Immunohistochemistry and histological quantification of infarction fraction

For immunohistochemical analysis, cryosections were prepared by embedding harvested hearts in M-FREEZE Cryoembedding media (Sigma, cat. no. 103693) followed by snap-freezing on a plastic cradle floating on liquid nitrogen. Hearts were cryo-sectioned at a 10 μm slice thickness and post-fixed with 4% paraformaldehyde and permeabilized in 0.25% Triton X-100 in 70% phosphate buffered saline for 15 min. Sections were blocked with blocking solution (3% bovine serum albumin, 5% goat serum, 0.1% Triton X-100 in 70% phosphate buffered saline) for 3 h and incubated overnight at 4 °C with the primary antibody (anti α-actinin (Sigma, cat. no. A7811)). Sections were incubated with secondary antibody (Goat anti Mouse IgG1 Alexa Fluor 647 (Invitrogen, cat. no A21240)) for 3 h at room temperature. Sections were subsequently co-stained with FITC-conjugated wheat germ agglutinin (ThermoFisher, cat. no. W11261) and incubated for 1 h at room temperature before mounting using Prolong Diamond Antifade Mounting Media with DAPI (Invitrogen, cat. no. P36965). Sections were scanned using an Olympus VS120 slide scanner and analyzed using QuPath. Quantitative histology was performed by identifying the sections with the largest infarctions and then measure infarction size (green signal) relative to the size of the ventricle (red myocardium signal) to yield the infarction fraction. This value was averaged over three sections for each heart.

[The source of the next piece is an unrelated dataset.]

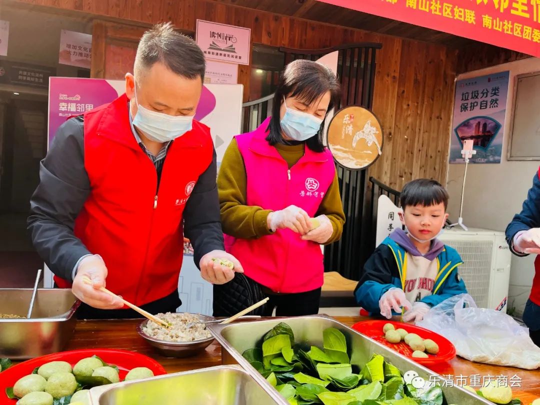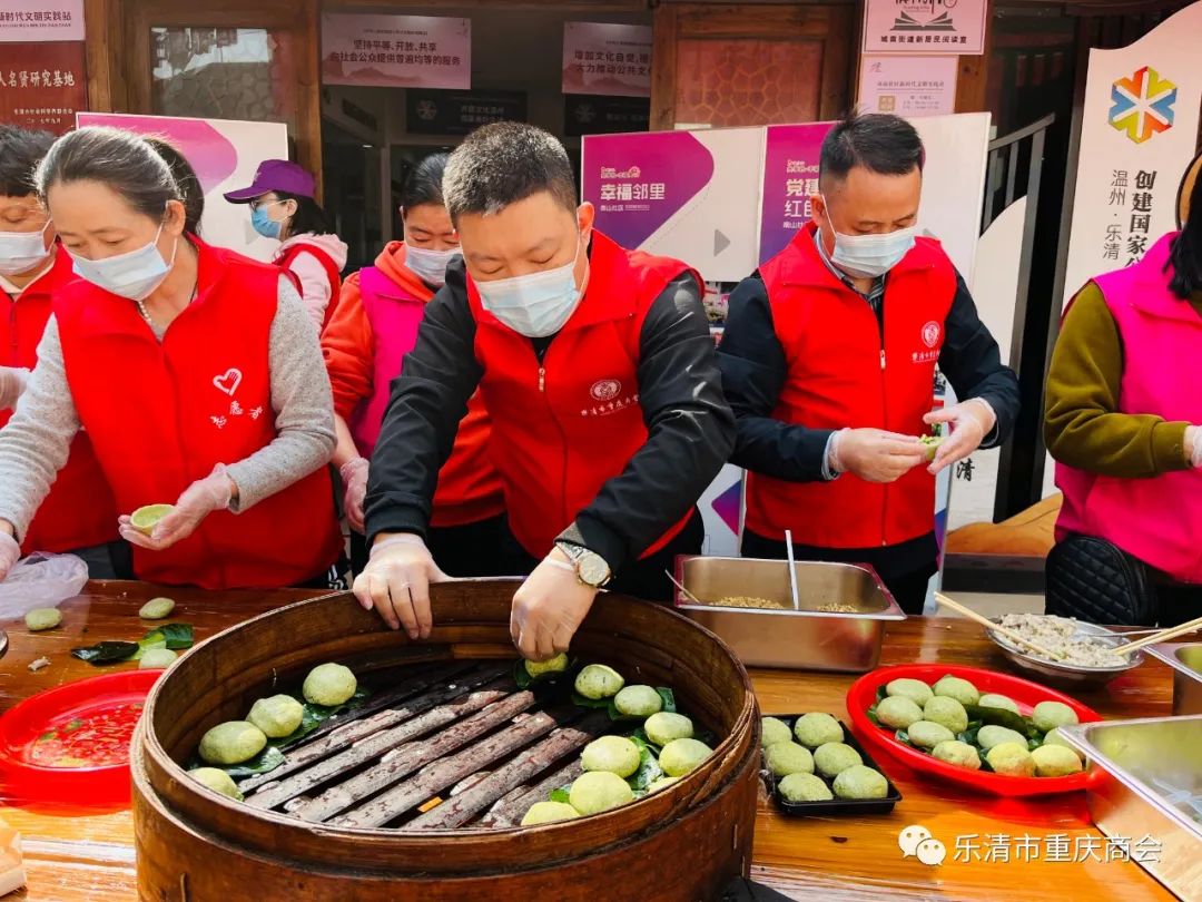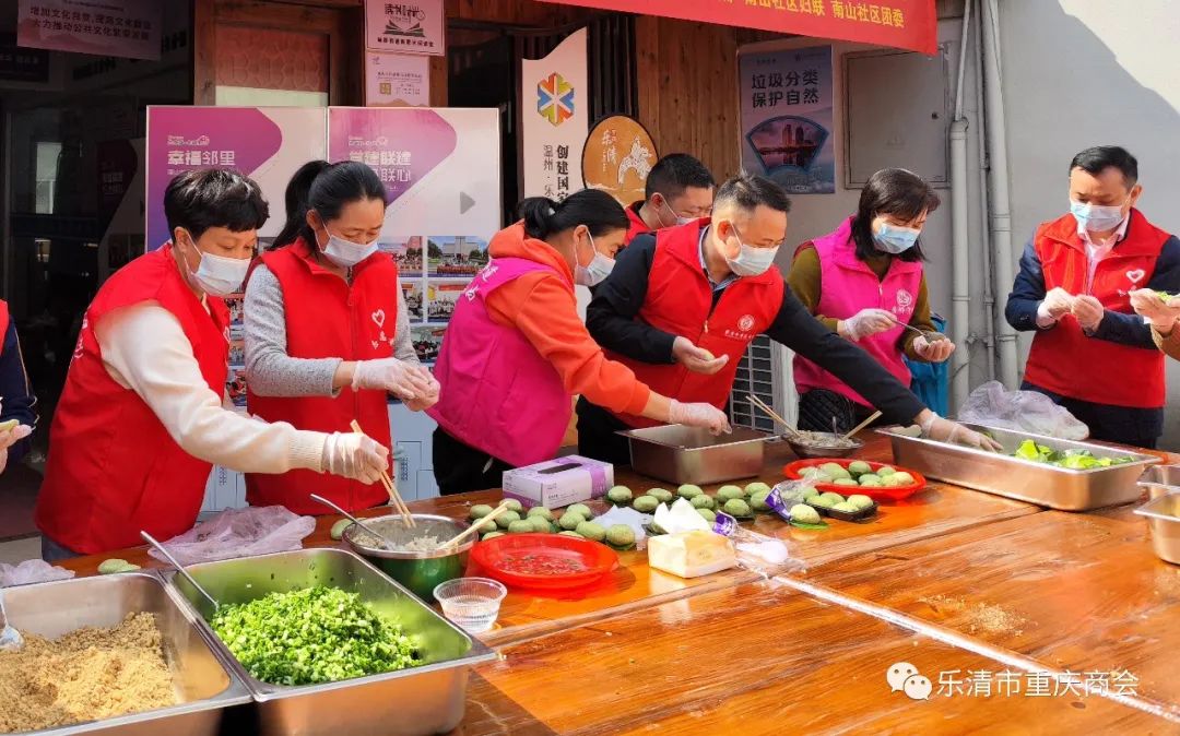 为弘扬中华民族优秀传统文化,加强党组织联动,4月3日,乐清市重庆商会党支部与乐清市新居民服务中心党支部、城南街道南山社区党委、重庆梁平区(温州)流动党支部、南山社区妇联及辖区志愿者们在南山社区党群服务中心制作清明民俗美食--青团。

Blastema imaging and limb regeneration assessment

Amputated limbs were photographed to track the regenerative progress. These images were used as a comparison of the regenerative ability in unanesthetized and anesthetized animals during limb regeneration. The regrowth of the amputated limb was measured as the length to diameter ratio using ImageJ 1.50e.

Propofol toxicity

Dermal tissue samples from the abdominal area of non-propofol treated axolotls sacrificed for other purposes were excised and incubated for 1 h in different propofol concentrations. Skin samples were incubated with either 0, 0.0002, 0.1, or 0.5 mg/ml propofol in 70% minimum essential medium at room temperature with mild agitation (200 rpm). Following incubation, medium was analyzed for cytotoxicity using the CyQUANT LDH Cytotoxicity Assay Kit (Invitrogen, cat. no. C20300). The lactate dehydrogenase release was normalized to the weight of tissue in each well and the absorbance from the 0 mg/ml well was subtracted to account for the cell death simply caused by excision of the sample.

Behavioral assessment

To asses potential behavioral changes caused by propofol anesthesia, axolotl crates containing individual animals were placed on an even blue background with a high level of contrast compared to both white and dark animals. A time lapse wirelessly operated camera (GroPro Hero 4, GoPro, Inc., San Mateo, CA, USA) was placed above the animals which were left to rest over night. On the following day (at the same time during the day for each assessment) the time lapse camera was remotely operated and the undisturbed animals were filmed for 90 min. Video material was manually analyzed for the percentage of the recording that individual animals were actively moving around. Originally (at baseline before anesthesia), only anesthetized control animals i.e. receiving no cardiac injury or limb amputation were included in the behavioral assessment to rule out potential effects of surgery. However, the loss of two animals in this group early in the experiment lead us to include also the animals that had performed limb amputation during anesthesia in the behavioral assessment at day 7 and day 17 post recovery from anesthesia.

Statistical analysis

Data is shown throughout as mean values ± standard deviations. Analyses of significant differences between two groups were performed in Microsoft Excel using a two-tailed Student’s t-test (paired or unpaired), and for more than two groups using ANOVA. For repeated measures, one-way or two-way ANOVA with repeated measures was performed with Tukey’s honest significance test for post hoc test of significant differences between groups. We considered p values less than 0.05 to signify statistical significance and throughout figures we use the terminology *p < 0.05, **p < 0.01, ***p < 0.001, ns: not significant.